3.) Der Schuldumfang ist hinreichend genau festgestellt. Zwar hat die Strafkammer bei der rechtlichen Würdigung den Angeklagten einer fortgesetzten Tat in einer „unbestimmten Vielzahl von Fällen“ nach den §§ 174, 176 StGB für schuldig befunden. Dem Urteil ist jedoch zu entnehmen, dass er in „mehr als hundert Fällen“ unzüchtige Liebkosungen vornahm und dass er das Mädchen in „mehreren“, also mindestens zwei Fällen im Schwimmbad unzüchtig berührte. Hierzu treten die Einzelfälle anlässlich der Übernachtungen in Nittersill und bei Ulm. Damit steht eine Mindestzahl von 105 Fällen fest.

4.) Die Unzuchtshandlungen erstreckten sich über die Zeit von Weihnachten 1961 bis zum 2. Januar 1963. Brigitte ██ ███████████ ███ ██████ feierte 1962 ihr vierzehntes Lebensjahr.
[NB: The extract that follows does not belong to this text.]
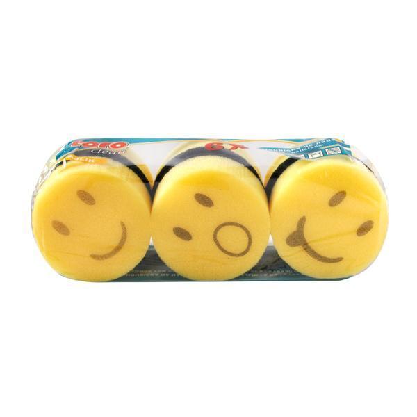 Hubka na riad má veľmi účinnú pevnú brúsnu vrstvu odolnú proti opotrebeniu. Okrúhla veselá potlač so smajlíkmi. Balenie obsahuje 6 ks v žlto-čiernej farbe. Rozmery - 7,9 x 3 cm.

Die Strafkammer hatte daher in den Urteilsgründen zum Ausdruck bringen müssen, dass sich der Angeklagte des Verbrechens der Unzucht mit einem Kind nach § 176 Abs. 1 Nr. 3 StGB nur bis zum 18. November 1962 schuldig gemacht hat. Da dieser Zeitpunkt etwa sechs Wochen vor dem Ende der Beziehungen liegt, wird jedoch der Schuldumfang hierdurch nur so unwesentlich berührt, dass eine Aufhebung des Urteils angesichts der milden Strafe von einem Jahr Gefängnis ausgeschlossen ist.